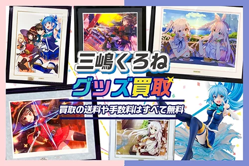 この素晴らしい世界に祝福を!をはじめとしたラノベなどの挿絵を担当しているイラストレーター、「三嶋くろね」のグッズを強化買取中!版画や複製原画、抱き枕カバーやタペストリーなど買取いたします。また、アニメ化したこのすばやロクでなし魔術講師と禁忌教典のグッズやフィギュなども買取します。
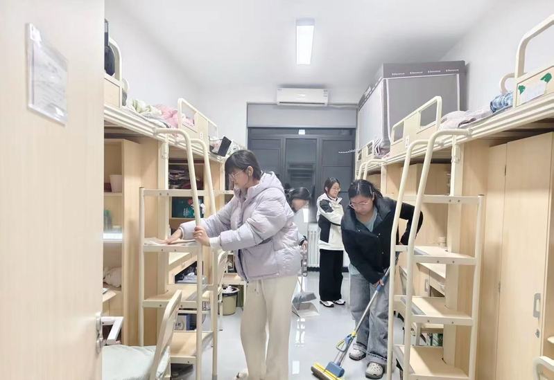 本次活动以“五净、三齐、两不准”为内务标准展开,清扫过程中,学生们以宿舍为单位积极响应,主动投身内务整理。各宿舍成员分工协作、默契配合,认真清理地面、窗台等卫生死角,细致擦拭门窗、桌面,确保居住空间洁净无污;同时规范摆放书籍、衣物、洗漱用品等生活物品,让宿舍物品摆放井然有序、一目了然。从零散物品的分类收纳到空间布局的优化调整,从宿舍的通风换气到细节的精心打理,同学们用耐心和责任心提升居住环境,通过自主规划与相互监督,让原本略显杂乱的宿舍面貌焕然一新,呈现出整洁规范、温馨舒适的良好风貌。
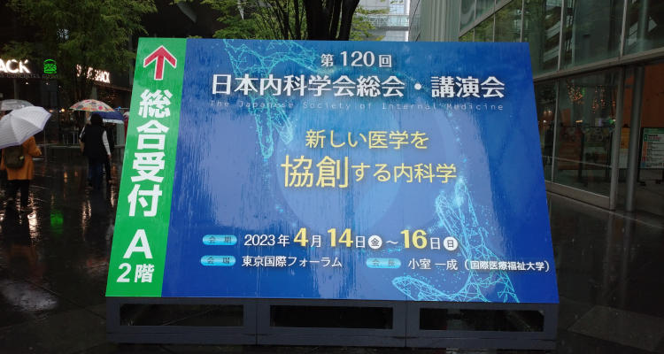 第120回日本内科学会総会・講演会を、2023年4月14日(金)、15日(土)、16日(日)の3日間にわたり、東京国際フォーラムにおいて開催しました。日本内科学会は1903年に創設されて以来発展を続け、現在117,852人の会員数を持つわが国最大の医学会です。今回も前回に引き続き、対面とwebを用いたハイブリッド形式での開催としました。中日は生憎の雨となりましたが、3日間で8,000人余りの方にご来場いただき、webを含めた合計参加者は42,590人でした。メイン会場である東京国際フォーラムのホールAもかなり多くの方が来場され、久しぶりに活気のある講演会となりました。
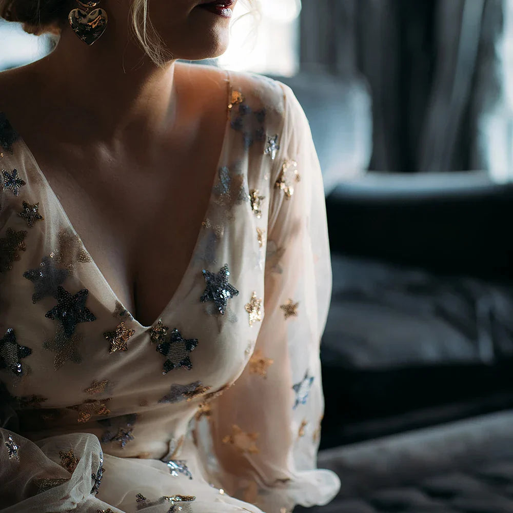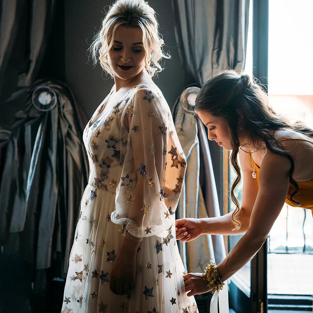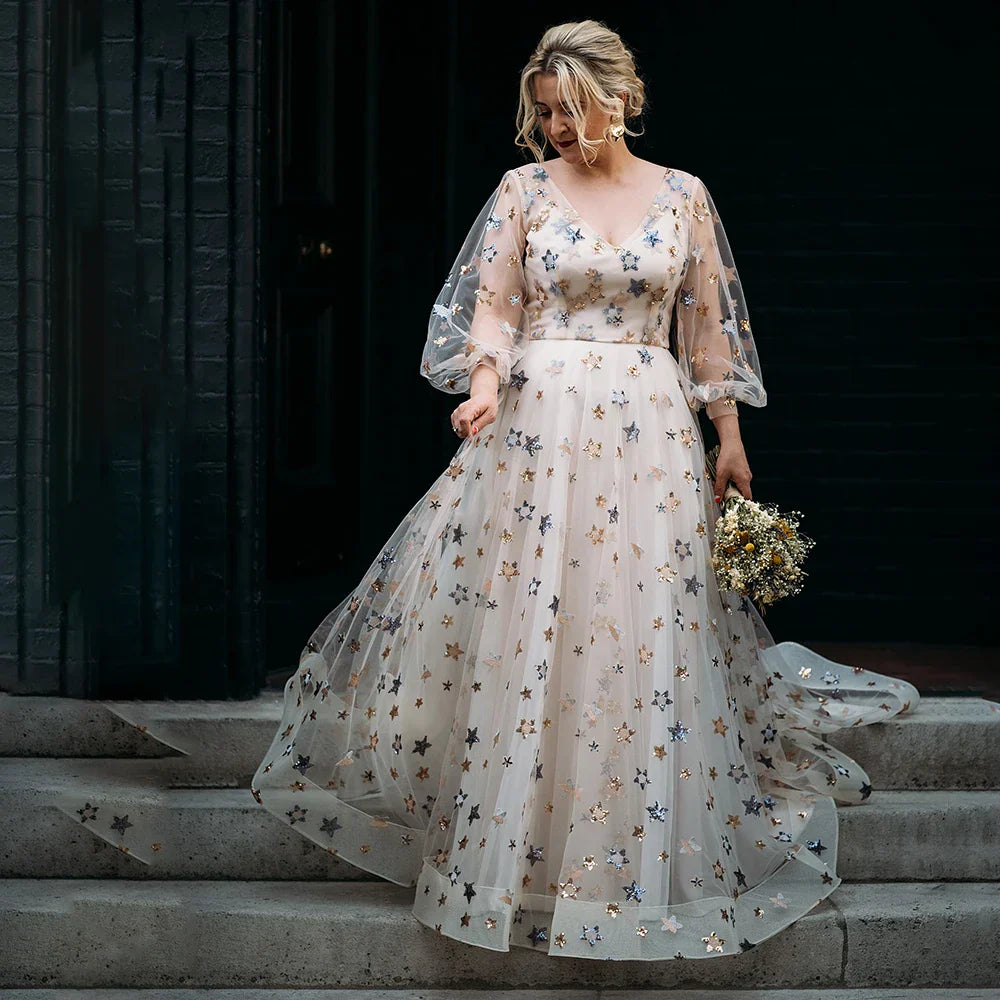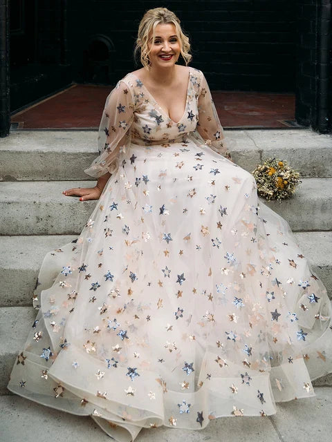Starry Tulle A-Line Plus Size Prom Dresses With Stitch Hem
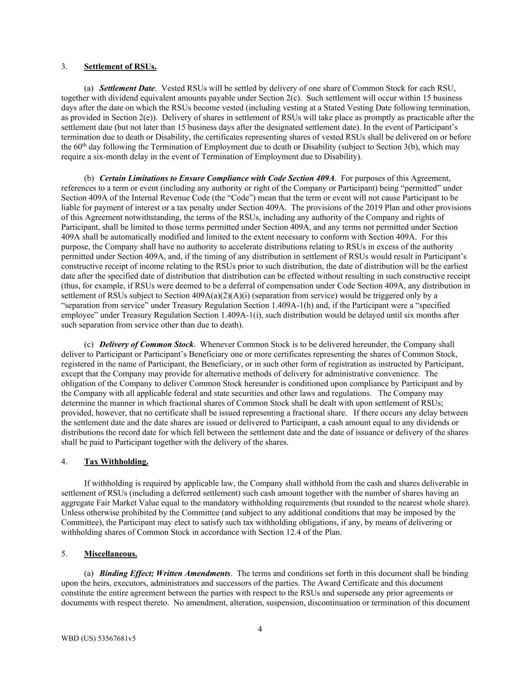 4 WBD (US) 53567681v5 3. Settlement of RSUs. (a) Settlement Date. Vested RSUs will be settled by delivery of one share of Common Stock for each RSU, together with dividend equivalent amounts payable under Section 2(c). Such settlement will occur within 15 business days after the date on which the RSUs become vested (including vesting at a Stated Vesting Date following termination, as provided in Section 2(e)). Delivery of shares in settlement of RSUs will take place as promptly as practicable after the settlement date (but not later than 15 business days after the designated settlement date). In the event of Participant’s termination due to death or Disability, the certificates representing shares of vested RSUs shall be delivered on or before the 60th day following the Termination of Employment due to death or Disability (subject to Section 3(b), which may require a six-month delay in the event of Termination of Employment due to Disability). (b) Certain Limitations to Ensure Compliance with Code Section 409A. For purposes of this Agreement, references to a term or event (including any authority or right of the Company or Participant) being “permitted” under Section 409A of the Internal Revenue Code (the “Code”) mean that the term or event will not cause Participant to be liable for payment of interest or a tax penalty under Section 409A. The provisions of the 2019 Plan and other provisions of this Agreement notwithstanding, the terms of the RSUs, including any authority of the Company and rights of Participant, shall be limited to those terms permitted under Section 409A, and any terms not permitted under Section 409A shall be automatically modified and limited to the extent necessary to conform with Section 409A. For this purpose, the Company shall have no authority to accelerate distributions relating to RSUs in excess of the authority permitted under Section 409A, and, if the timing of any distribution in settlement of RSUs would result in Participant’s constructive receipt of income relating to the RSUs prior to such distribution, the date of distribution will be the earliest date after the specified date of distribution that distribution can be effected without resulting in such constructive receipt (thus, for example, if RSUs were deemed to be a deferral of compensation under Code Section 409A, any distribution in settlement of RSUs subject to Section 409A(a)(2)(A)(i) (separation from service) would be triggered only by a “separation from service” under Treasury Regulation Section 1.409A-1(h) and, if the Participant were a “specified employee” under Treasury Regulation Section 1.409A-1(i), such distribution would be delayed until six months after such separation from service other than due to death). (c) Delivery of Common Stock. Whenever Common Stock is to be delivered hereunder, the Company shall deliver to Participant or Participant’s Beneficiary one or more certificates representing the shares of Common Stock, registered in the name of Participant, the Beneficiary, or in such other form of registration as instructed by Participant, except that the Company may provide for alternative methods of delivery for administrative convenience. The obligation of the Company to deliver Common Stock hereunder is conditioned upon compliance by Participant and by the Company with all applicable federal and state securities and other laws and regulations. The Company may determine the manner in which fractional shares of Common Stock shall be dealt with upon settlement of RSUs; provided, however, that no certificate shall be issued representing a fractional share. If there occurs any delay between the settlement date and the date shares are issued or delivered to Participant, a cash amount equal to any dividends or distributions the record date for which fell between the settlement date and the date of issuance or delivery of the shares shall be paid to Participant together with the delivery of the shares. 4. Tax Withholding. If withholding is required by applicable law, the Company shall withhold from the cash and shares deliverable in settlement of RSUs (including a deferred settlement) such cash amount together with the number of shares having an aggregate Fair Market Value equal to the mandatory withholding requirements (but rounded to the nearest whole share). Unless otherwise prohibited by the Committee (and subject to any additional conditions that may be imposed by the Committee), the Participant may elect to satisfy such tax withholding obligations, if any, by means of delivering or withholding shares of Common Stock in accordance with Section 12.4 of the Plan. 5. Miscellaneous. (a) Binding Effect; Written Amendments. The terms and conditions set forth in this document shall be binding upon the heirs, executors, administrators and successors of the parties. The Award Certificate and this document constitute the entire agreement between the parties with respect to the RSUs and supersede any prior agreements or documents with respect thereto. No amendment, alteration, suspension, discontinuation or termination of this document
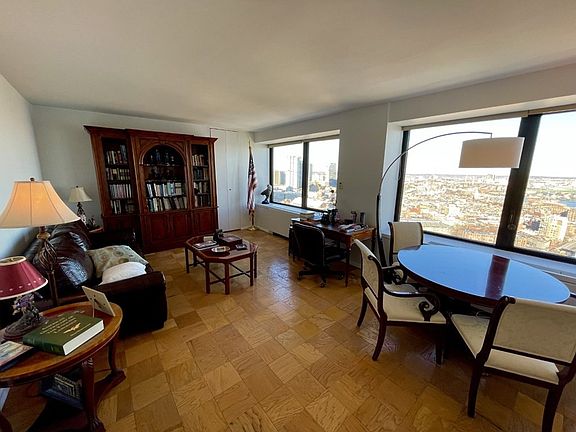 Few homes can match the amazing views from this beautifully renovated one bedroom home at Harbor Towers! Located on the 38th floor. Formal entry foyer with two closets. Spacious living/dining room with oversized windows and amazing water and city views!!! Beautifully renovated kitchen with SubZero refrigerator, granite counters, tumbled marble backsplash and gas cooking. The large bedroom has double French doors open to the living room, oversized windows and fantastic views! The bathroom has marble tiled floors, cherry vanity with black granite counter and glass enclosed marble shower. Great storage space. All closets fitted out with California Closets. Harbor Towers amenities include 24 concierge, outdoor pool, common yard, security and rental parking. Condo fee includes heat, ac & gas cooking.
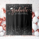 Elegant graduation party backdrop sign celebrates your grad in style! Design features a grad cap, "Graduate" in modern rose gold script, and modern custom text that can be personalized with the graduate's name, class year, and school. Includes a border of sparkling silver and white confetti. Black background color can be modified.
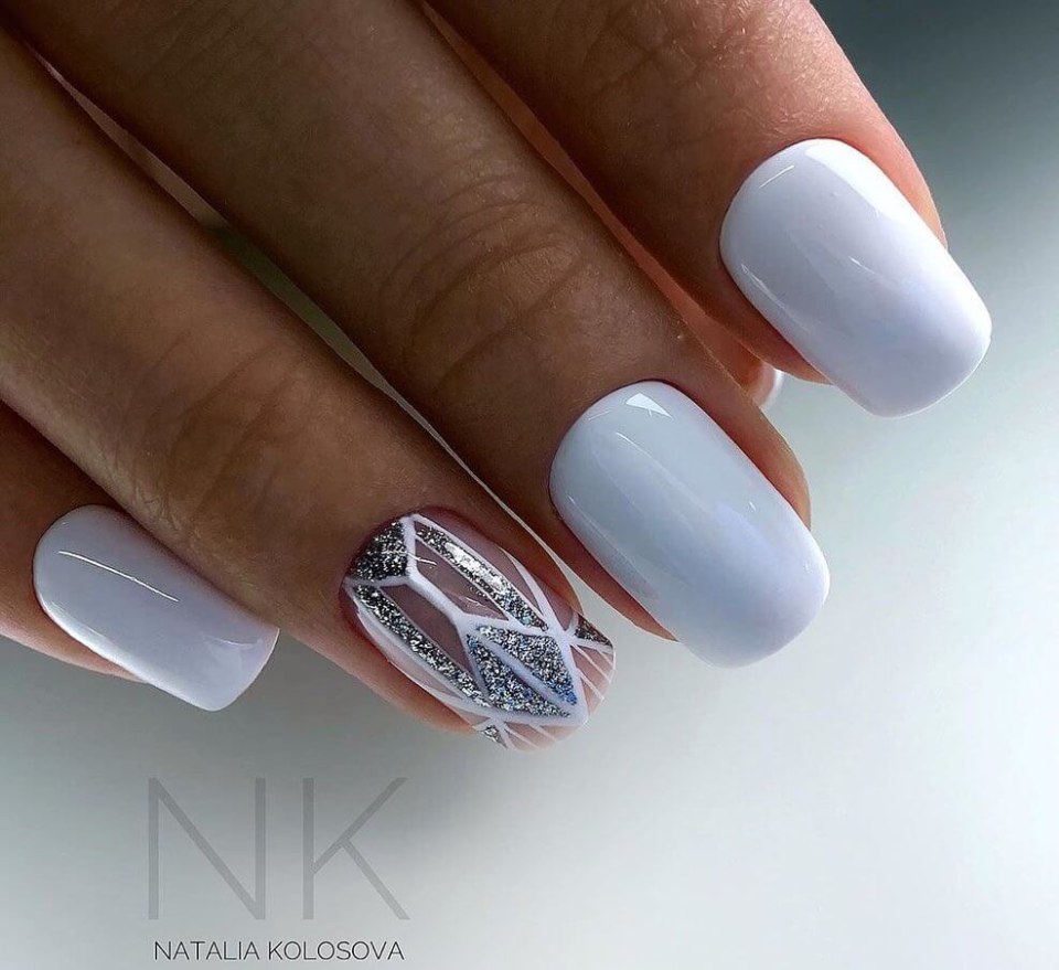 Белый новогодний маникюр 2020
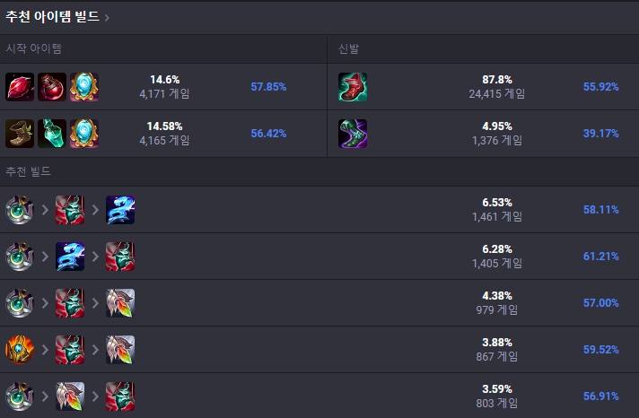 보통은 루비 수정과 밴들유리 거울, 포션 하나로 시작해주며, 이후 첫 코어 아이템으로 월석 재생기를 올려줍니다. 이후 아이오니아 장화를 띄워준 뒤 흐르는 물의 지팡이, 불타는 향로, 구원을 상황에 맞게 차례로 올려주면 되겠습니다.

════════════════════

- **BRIEF**
Only the entries themselves should be output, word for word, with all pictures omitted.

- **SOLUTION TO THIS TASK**
 この素晴らしい世界に祝福を!をはじめとしたラノベなどの挿絵を担当しているイラストレーター、「三嶋くろね」のグッズを強化買取中!版画や複製原画、抱き枕カバーやタペストリーなど買取いたします。また、アニメ化したこのすばやロクでなし魔術講師と禁忌教典のグッズやフィギュなども買取します。
 本次活动以“五净、三齐、两不准”为内务标准展开,清扫过程中,学生们以宿舍为单位积极响应,主动投身内务整理。各宿舍成员分工协作、默契配合,认真清理地面、窗台等卫生死角,细致擦拭门窗、桌面,确保居住空间洁净无污;同时规范摆放书籍、衣物、洗漱用品等生活物品,让宿舍物品摆放井然有序、一目了然。从零散物品的分类收纳到空间布局的优化调整,从宿舍的通风换气到细节的精心打理,同学们用耐心和责任心提升居住环境,通过自主规划与相互监督,让原本略显杂乱的宿舍面貌焕然一新,呈现出整洁规范、温馨舒适的良好风貌。
 第120回日本内科学会総会・講演会を、2023年4月14日(金)、15日(土)、16日(日)の3日間にわたり、東京国際フォーラムにおいて開催しました。日本内科学会は1903年に創設されて以来発展を続け、現在117,852人の会員数を持つわが国最大の医学会です。今回も前回に引き続き、対面とwebを用いたハイブリッド形式での開催としました。中日は生憎の雨となりましたが、3日間で8,000人余りの方にご来場いただき、webを含めた合計参加者は42,590人でした。メイン会場である東京国際フォーラムのホールAもかなり多くの方が来場され、久しぶりに活気のある講演会となりました。
Starry Tulle A-Line Plus Size Prom Dresses With Stitch Hem
 4 WBD (US) 53567681v5 3. Settlement of RSUs. (a) Settlement Date. Vested RSUs will be settled by delivery of one share of Common Stock for each RSU, together with dividend equivalent amounts payable under Section 2(c). Such settlement will occur within 15 business days after the date on which the RSUs become vested (including vesting at a Stated Vesting Date following termination, as provided in Section 2(e)). Delivery of shares in settlement of RSUs will take place as promptly as practicable after the settlement date (but not later than 15 business days after the designated settlement date). In the event of Participant’s termination due to death or Disability, the certificates representing shares of vested RSUs shall be delivered on or before the 60th day following the Termination of Employment due to death or Disability (subject to Section 3(b), which may require a six-month delay in the event of Termination of Employment due to Disability). (b) Certain Limitations to Ensure Compliance with Code Section 409A. For purposes of this Agreement, references to a term or event (including any authority or right of the Company or Participant) being “permitted” under Section 409A of the Internal Revenue Code (the “Code”) mean that the term or event will not cause Participant to be liable for payment of interest or a tax penalty under Section 409A. The provisions of the 2019 Plan and other provisions of this Agreement notwithstanding, the terms of the RSUs, including any authority of the Company and rights of Participant, shall be limited to those terms permitted under Section 409A, and any terms not permitted under Section 409A shall be automatically modified and limited to the extent necessary to conform with Section 409A. For this purpose, the Company shall have no authority to accelerate distributions relating to RSUs in excess of the authority permitted under Section 409A, and, if the timing of any distribution in settlement of RSUs would result in Participant’s constructive receipt of income relating to the RSUs prior to such distribution, the date of distribution will be the earliest date after the specified date of distribution that distribution can be effected without resulting in such constructive receipt (thus, for example, if RSUs were deemed to be a deferral of compensation under Code Section 409A, any distribution in settlement of RSUs subject to Section 409A(a)(2)(A)(i) (separation from service) would be triggered only by a “separation from service” under Treasury Regulation Section 1.409A-1(h) and, if the Participant were a “specified employee” under Treasury Regulation Section 1.409A-1(i), such distribution would be delayed until six months after such separation from service other than due to death). (c) Delivery of Common Stock. Whenever Common Stock is to be delivered hereunder, the Company shall deliver to Participant or Participant’s Beneficiary one or more certificates representing the shares of Common Stock, registered in the name of Participant, the Beneficiary, or in such other form of registration as instructed by Participant, except that the Company may provide for alternative methods of delivery for administrative convenience. The obligation of the Company to deliver Common Stock hereunder is conditioned upon compliance by Participant and by the Company with all applicable federal and state securities and other laws and regulations. The Company may determine the manner in which fractional shares of Common Stock shall be dealt with upon settlement of RSUs; provided, however, that no certificate shall be issued representing a fractional share. If there occurs any delay between the settlement date and the date shares are issued or delivered to Participant, a cash amount equal to any dividends or distributions the record date for which fell between the settlement date and the date of issuance or delivery of the shares shall be paid to Participant together with the delivery of the shares. 4. Tax Withholding. If withholding is required by applicable law, the Company shall withhold from the cash and shares deliverable in settlement of RSUs (including a deferred settlement) such cash amount together with the number of shares having an aggregate Fair Market Value equal to the mandatory withholding requirements (but rounded to the nearest whole share). Unless otherwise prohibited by the Committee (and subject to any additional conditions that may be imposed by the Committee), the Participant may elect to satisfy such tax withholding obligations, if any, by means of delivering or withholding shares of Common Stock in accordance with Section 12.4 of the Plan. 5. Miscellaneous. (a) Binding Effect; Written Amendments. The terms and conditions set forth in this document shall be binding upon the heirs, executors, administrators and successors of the parties. The Award Certificate and this document constitute the entire agreement between the parties with respect to the RSUs and supersede any prior agreements or documents with respect thereto. No amendment, alteration, suspension, discontinuation or termination of this document
 Few homes can match the amazing views from this beautifully renovated one bedroom home at Harbor Towers! Located on the 38th floor. Formal entry foyer with two closets. Spacious living/dining room with oversized windows and amazing water and city views!!! Beautifully renovated kitchen with SubZero refrigerator, granite counters, tumbled marble backsplash and gas cooking. The large bedroom has double French doors open to the living room, oversized windows and fantastic views! The bathroom has marble tiled floors, cherry vanity with black granite counter and glass enclosed marble shower. Great storage space. All closets fitted out with California Closets. Harbor Towers amenities include 24 concierge, outdoor pool, common yard, security and rental parking. Condo fee includes heat, ac & gas cooking.
 Elegant graduation party backdrop sign celebrates your grad in style! Design features a grad cap, "Graduate" in modern rose gold script, and modern custom text that can be personalized with the graduate's name, class year, and school. Includes a border of sparkling silver and white confetti. Black background color can be modified.
 Белый новогодний маникюр 2020
 보통은 루비 수정과 밴들유리 거울, 포션 하나로 시작해주며, 이후 첫 코어 아이템으로 월석 재생기를 올려줍니다. 이후 아이오니아 장화를 띄워준 뒤 흐르는 물의 지팡이, 불타는 향로, 구원을 상황에 맞게 차례로 올려주면 되겠습니다.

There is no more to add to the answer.